> **Work to complete**
With the images removed, transcribe the listing that follows exactly.

> **Data shown**

■ ■ ■ ■ ■

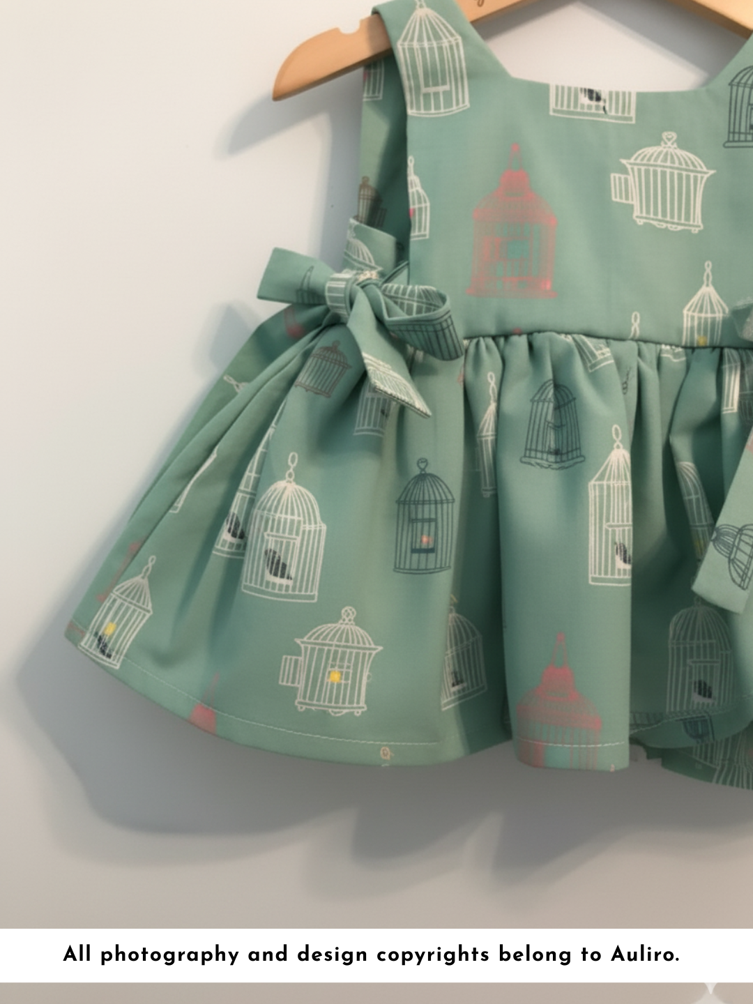 Description: Gather whimsical charm for your little one with the “Bird Flocks” Dress. This enchanting dress features a playful pattern of delicate birdcages, rendered in crisp white and soft pinks, beautifully contrasted against a serene teal-green cotton fabric. The soft, breathable material and comfortable square neckline make it an ideal choice for sunny days and joyful outings. With sweet bow accents on the shoulders and a charming gathered skirt perfect for twirling, it’s designed for cool comfort and effortless style—perfect for park visits, playdates, and all-day smiles.
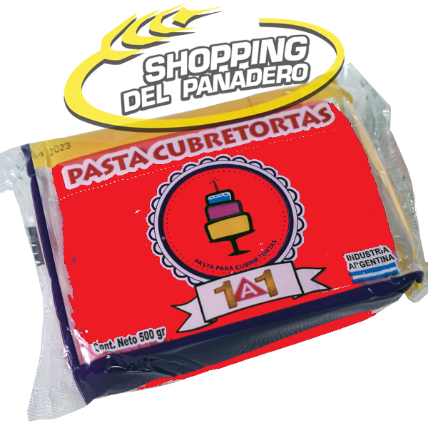Pasta para cubrir tortas 1 a 1 en envase de 500 gramos.
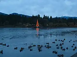 The next controversy surrounding the lake followed the proposal for a fountain to be erected in the lake to coincide with the city's Golden Jubilee anniversary celebrations in 1936. For the mayor, it would be "a miracle of engineering," with the spray of water lit by virtually "limitless combinations" of colour.[10] The public, in contrast, were not impressed by the proposal. Its $33,019.96 price tag was considered extremely frivolous in the midst of an economic crisis. As written in The Sunday Sun Edition of the Vancouver Sun Newspaper, Saturday, August 8. 1936. The lead story in the Magazine section is; SECRETS OF THE FOUNTAIN. It was the conception and idea of then, Chief Electrical Engineer, Robert Harold Williams with Hume and Rumble Ltd. electrical contractors. R.Harold Williams designed and supervised the erection of the Vancouver's Golden Jubilee fountain. After a business trip to Los Angeles he saw a fountain and thought this would be a great gift for the city for their up and coming birthday, Golden Jubilee celebration. To build the fountain, Lost Lagoon was drained. Seventy piles were driven into the mud. On these a concrete mat was laid. The fountain was built upon this mat. The work was of necessity rushed; it was done in a month. "The fountain is worthy of all the traditions of art, worthy of Vancouver's Golden Jubilee, and it will be a permanent, decorative joy in Stanley Park". "When operating , it is like a symphony concert, in motion and color instead of music, says Harold Williams, engineer, of Hume & Rumble Ltd., under whose personal supervision the work has been done." Vancouver's Jubilee Committee and private citizens who contributed are to be commended on their work in pushing for this beautiful fountain, which is sure to be one of the major attractions during the Golden Jubilee celebration. "We've had to hurry," says Mr. Williams," in that time 285 tons of cement have been utilized and all the special equipment was built." All equipment was built in Canada and the pumps were constructed in Vancouver. All union labor was employed.[11] It was restored for Expo in 1986.[12]

■ ■ ■ ■ ■

> **Task result**
 Description: Gather whimsical charm for your little one with the “Bird Flocks” Dress. This enchanting dress features a playful pattern of delicate birdcages, rendered in crisp white and soft pinks, beautifully contrasted against a serene teal-green cotton fabric. The soft, breathable material and comfortable square neckline make it an ideal choice for sunny days and joyful outings. With sweet bow accents on the shoulders and a charming gathered skirt perfect for twirling, it’s designed for cool comfort and effortless style—perfect for park visits, playdates, and all-day smiles.
Pasta para cubrir tortas 1 a 1 en envase de 500 gramos.
 The next controversy surrounding the lake followed the proposal for a fountain to be erected in the lake to coincide with the city's Golden Jubilee anniversary celebrations in 1936. For the mayor, it would be "a miracle of engineering," with the spray of water lit by virtually "limitless combinations" of colour.[10] The public, in contrast, were not impressed by the proposal. Its $33,019.96 price tag was considered extremely frivolous in the midst of an economic crisis. As written in The Sunday Sun Edition of the Vancouver Sun Newspaper, Saturday, August 8. 1936. The lead story in the Magazine section is; SECRETS OF THE FOUNTAIN. It was the conception and idea of then, Chief Electrical Engineer, Robert Harold Williams with Hume and Rumble Ltd. electrical contractors. R.Harold Williams designed and supervised the erection of the Vancouver's Golden Jubilee fountain. After a business trip to Los Angeles he saw a fountain and thought this would be a great gift for the city for their up and coming birthday, Golden Jubilee celebration. To build the fountain, Lost Lagoon was drained. Seventy piles were driven into the mud. On these a concrete mat was laid. The fountain was built upon this mat. The work was of necessity rushed; it was done in a month. "The fountain is worthy of all the traditions of art, worthy of Vancouver's Golden Jubilee, and it will be a permanent, decorative joy in Stanley Park". "When operating , it is like a symphony concert, in motion and color instead of music, says Harold Williams, engineer, of Hume & Rumble Ltd., under whose personal supervision the work has been done." Vancouver's Jubilee Committee and private citizens who contributed are to be commended on their work in pushing for this beautiful fountain, which is sure to be one of the major attractions during the Golden Jubilee celebration. "We've had to hurry," says Mr. Williams," in that time 285 tons of cement have been utilized and all the special equipment was built." All equipment was built in Canada and the pumps were constructed in Vancouver. All union labor was employed.[11] It was restored for Expo in 1986.[12]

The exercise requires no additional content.